[PROVIDED DATA — start]

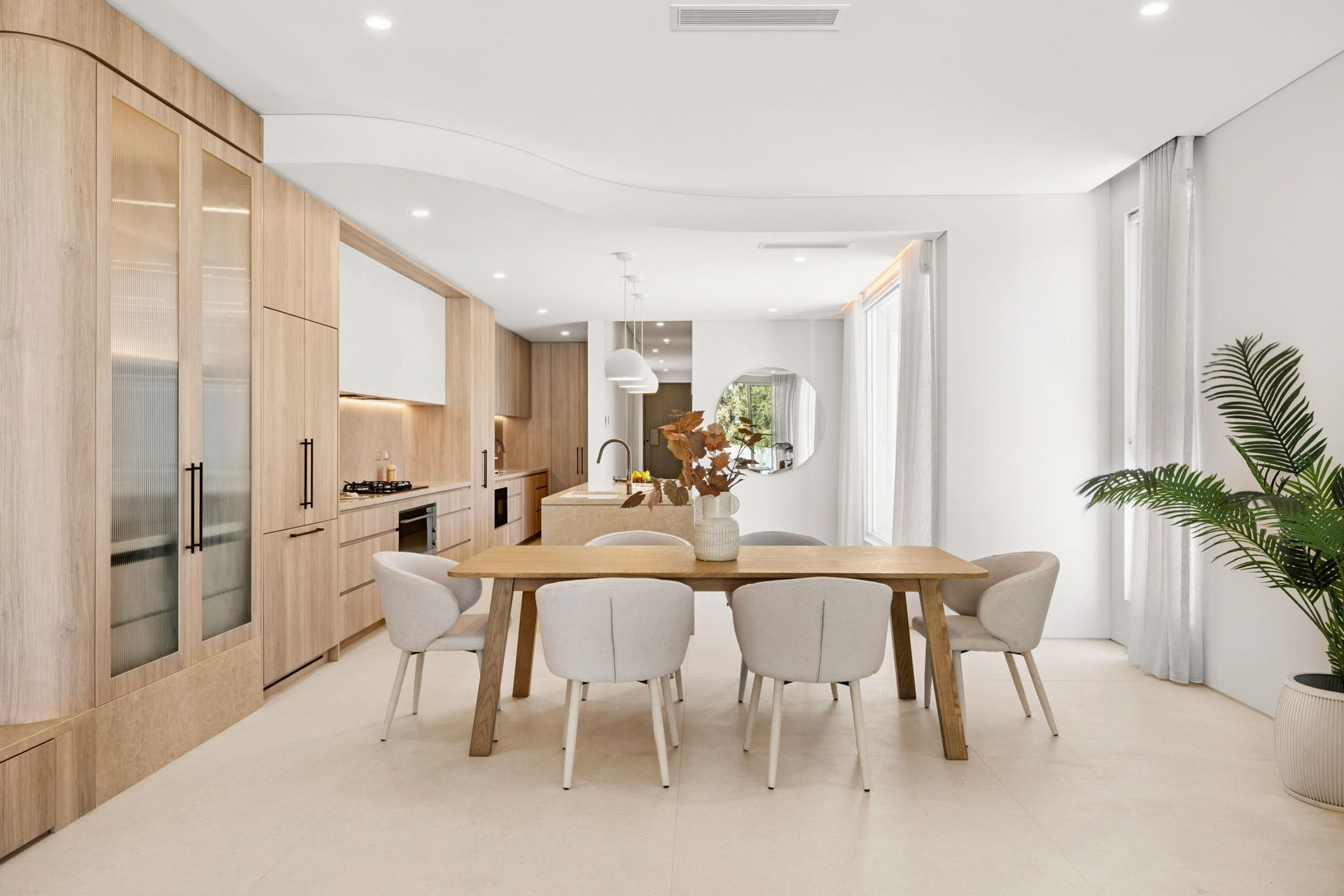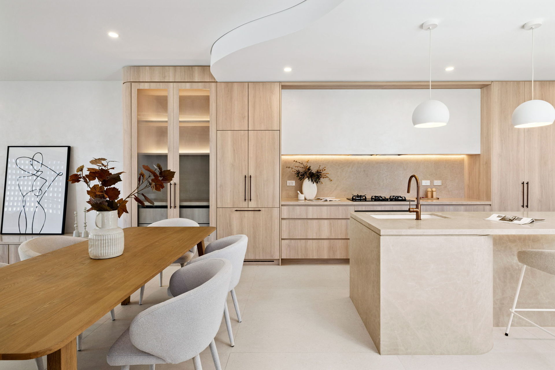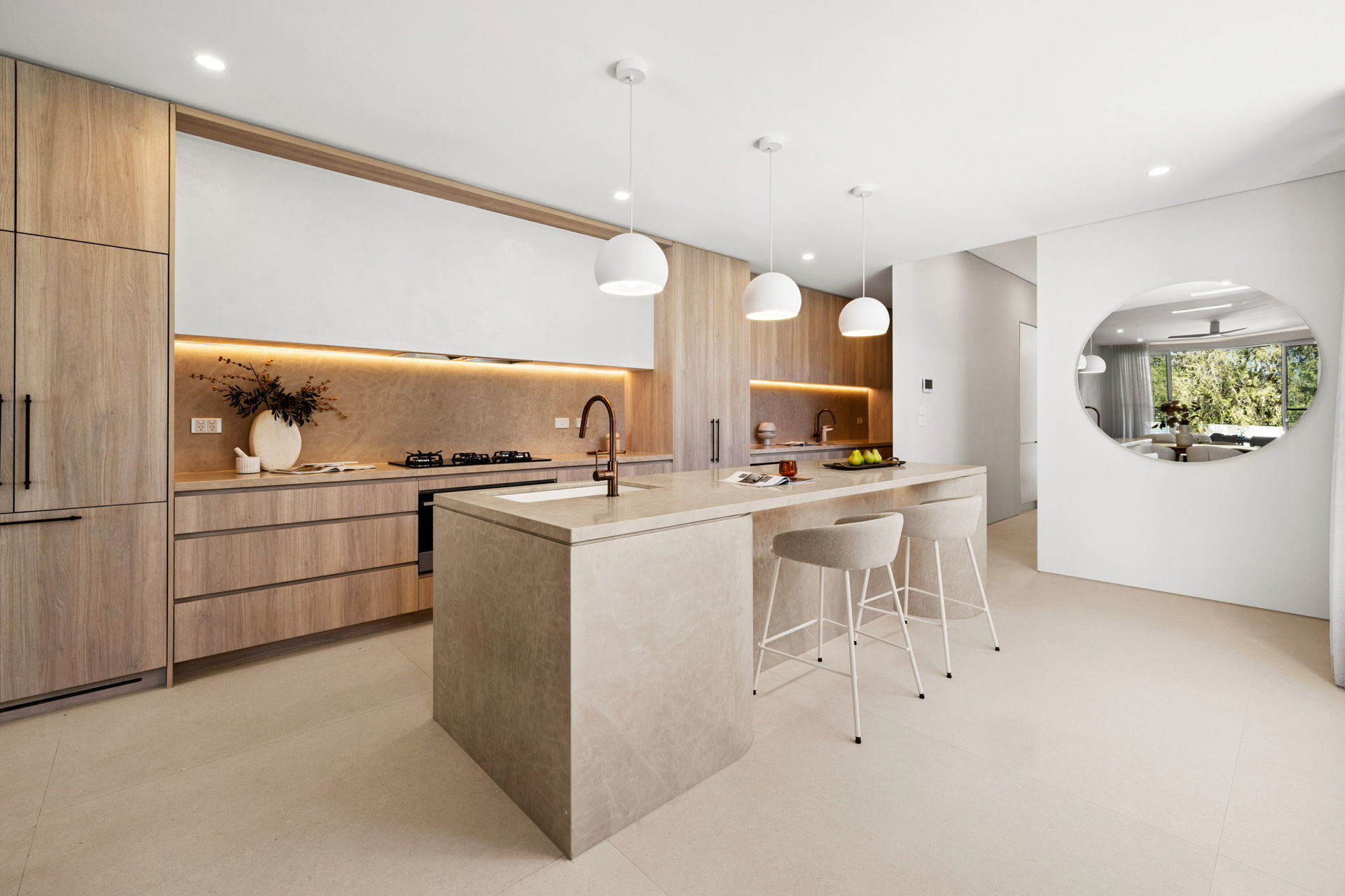 • Gourmet gas kitchen showcases Navurban Balmoral joinery, natural marble Ivory Beige stone benchtops, a Bosch appliance suite including oven, microwave, five-burner cooktop and dishwasher, a large island breakfast bar, generous walk-in pantry, and Billi HydroTap for instant hot and chilled water.
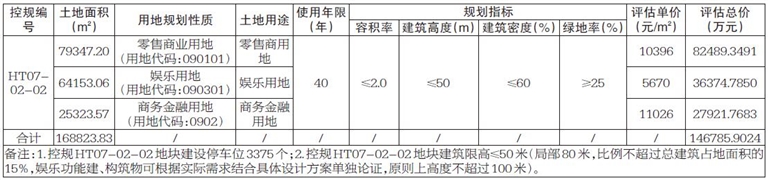 (一)挂牌出让宗地基本情况:本次挂牌出让宗地位于三亚海棠湾国家海岸休闲园区控规HT07-02-02地块,面积168823.83平方米,用地四至及界址坐标详见地块勘测定界图。经核查2022年10月14日经自然资源部批复的《三亚市国土空间总体规划(空间类2021—2035)》“三区三线”划定成果,该地块位于城镇开发边界(城镇集中建设区)内,不涉及占用永久基本农田、生态保护红线。同时,经核查《三亚海棠湾国家海岸休闲园区控制性详细规划(修编)》,该宗地规划用地性质为零售商业混合娱乐混合商务金融用地(用地代码:090101/090301/0902),对应土地用途亦为零售商业混合娱乐混合商务金融用地,兼容比例4.7:3.8:1.5。其中:1.零售商业用地,面积79347.20平方米;2.娱乐用地,面积64153.06平方米;3.商务金融用地,面积25323.57平方米。
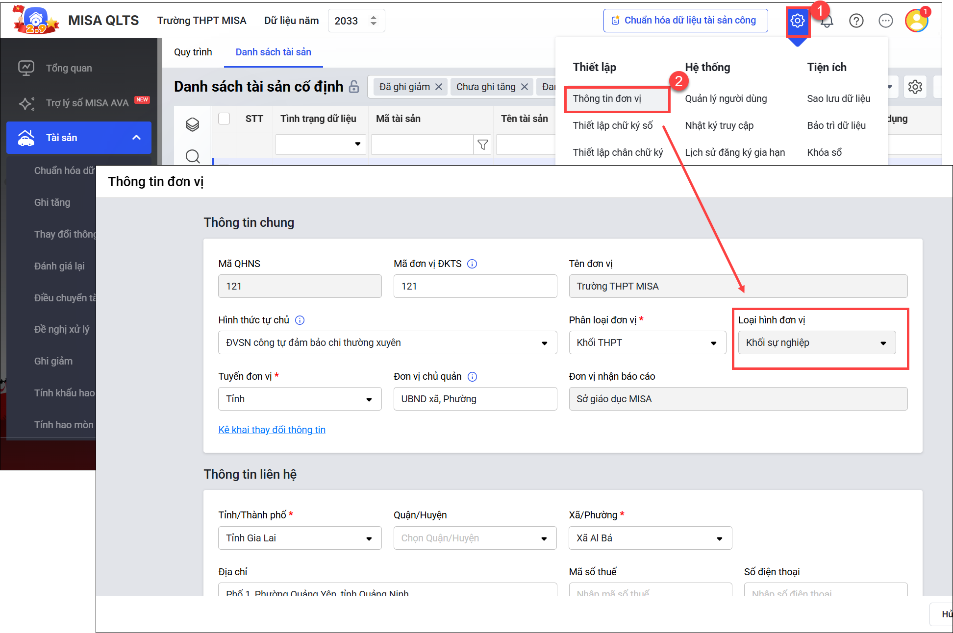 • Để Mẫu số 08b-ĐK-TSC (Phần 2) lên số liệu, cần khai báo đúng thông tin Loại hình đơn vị tại Hệ thống\Thông tin đơn vị.
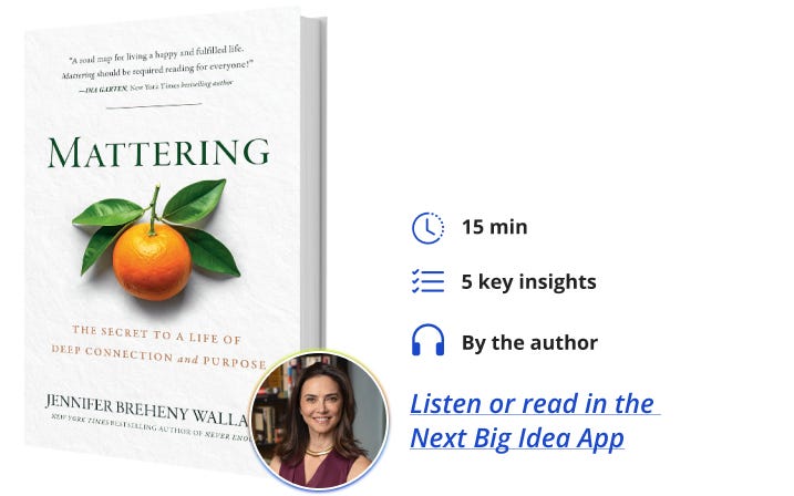 Jennifer Breheny Wallace is a journalist who began her career at CBS’s 60 Minutes and is now a contributor to The Wall Street Journal and The Washington Post. Her New York Times bestselling book Never Enough was named an Amazon Best Book of the Year, and her new book is Mattering: The Secret to a Life of Deep Connection and Purpose. Check out her summary on the Next Big Idea app.

[PROVIDED DATA — finish]

_WHAT IS EXPECTED_:
Leave the pictures out and retype only the lines from the line with "(一)挂牌出让宗地基本情况:本次挂牌出让" through the final line of the material, both ends included, word for word.

_TASK RESPONSE_:
 (一)挂牌出让宗地基本情况:本次挂牌出让宗地位于三亚海棠湾国家海岸休闲园区控规HT07-02-02地块,面积168823.83平方米,用地四至及界址坐标详见地块勘测定界图。经核查2022年10月14日经自然资源部批复的《三亚市国土空间总体规划(空间类2021—2035)》“三区三线”划定成果,该地块位于城镇开发边界(城镇集中建设区)内,不涉及占用永久基本农田、生态保护红线。同时,经核查《三亚海棠湾国家海岸休闲园区控制性详细规划(修编)》,该宗地规划用地性质为零售商业混合娱乐混合商务金融用地(用地代码:090101/090301/0902),对应土地用途亦为零售商业混合娱乐混合商务金融用地,兼容比例4.7:3.8:1.5。其中:1.零售商业用地,面积79347.20平方米;2.娱乐用地,面积64153.06平方米;3.商务金融用地,面积25323.57平方米。
 • Để Mẫu số 08b-ĐK-TSC (Phần 2) lên số liệu, cần khai báo đúng thông tin Loại hình đơn vị tại Hệ thống\Thông tin đơn vị.
 Jennifer Breheny Wallace is a journalist who began her career at CBS’s 60 Minutes and is now a contributor to The Wall Street Journal and The Washington Post. Her New York Times bestselling book Never Enough was named an Amazon Best Book of the Year, and her new book is Mattering: The Secret to a Life of Deep Connection and Purpose. Check out her summary on the Next Big Idea app.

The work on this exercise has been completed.